# Heat Mat Help



## Jamie90 (Apr 11, 2012)

Looking for some help on setting up my heat mat

Im new to this and bought a start up kit, which came with 2 instruction manuals

one says Place the heat mat on the bottom of the terrarium and run the cable up the back ground with a probe close to the mat to measure the temperature

The second says fix the heat mat to the underside of the terrarium floor and fix securely. 

So which is correct or best?

Thanks for any help you can give


----------



## Fraservet (Feb 19, 2012)

it depends to some extent on how your tank is built and setup.

I personally use my heat mat on the back of the tank (on the outside!).
I don't think using them inside the tank would be a good idea in a dart tank, with all the humidity and so on, that's more for desert type setups.
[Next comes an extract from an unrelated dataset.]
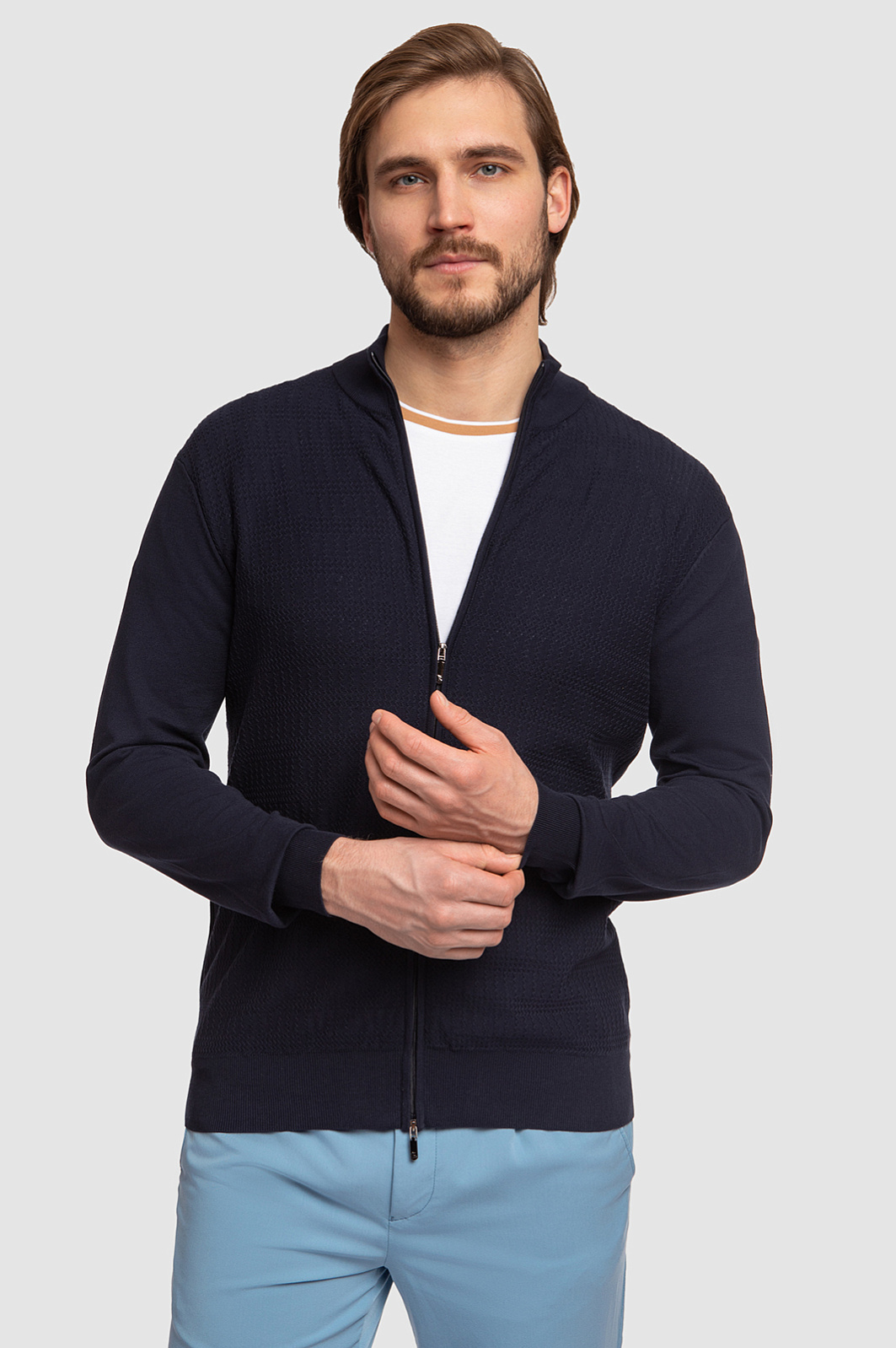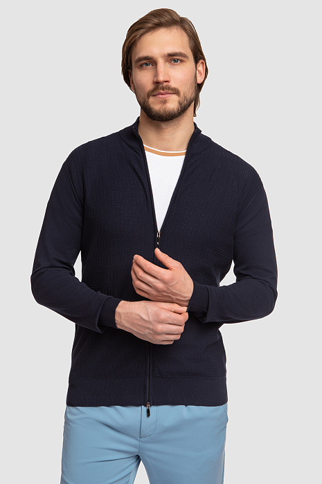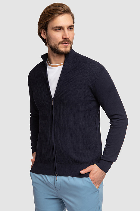 Кардиган на молнии из хлопка Пима, цвет синий, цена 54 990 тенге, код 267241 - купить в Астане в интернет-магазине KANZLER

I also don't have the stat too near the heat mat (ideally you would have 2, one near and one far from the mat to measure the heat gradient, but this usually isn't practical so I have mine about half way).


----------



## goof901 (Jan 9, 2012)

don't put it underneath because there will be water underneath and your glass will crack. put it on the side and cover it up with something (tree fern panels or something like that) so your frogs don't get burned and water cant get to the glass


----------



## Adven2er (Aug 17, 2008)

Heat mats aren't necessary. I've heard stories where a heat mat cracked the glass or the thermostat failed and got too hot. Most dart frogs will do well with temps in the low to mid 70's. The light on your tank should raise it a few degrees above room temperature. Hope this helps.


----------



## Pumilo (Sep 4, 2010)

Another thread on heat mats and the potential to crack glass. http://www.dendroboard.com/forum/parts-construction/78335-under-tank-heater-placement-2.html


----------



## jacobi (Dec 15, 2010)

The Glass God has spoken 

Jake


----------



## J Teezy (Jan 25, 2012)

place it on the side of your tank. I use one on the side when i need it. I can tell you this. The exo terra rainforest mats (i have the small) will raise the side of the tank right where its at to about 80 degrees and the heat quickly drops to on the other side of the tank where it stays room temperature and this is in a 10 gallon vert. The best way to heat your tank is by heating the room the tank is. Controlling the room temperature seems to work out better. I'd only use a heat mat if absolutely necessary. Remember the mats if you are just plugging them into an outlet only get to a certain temp. If you are looking to stay lower than the temp the mat gets to you'll need some type of thermostat to hook it up to.


----------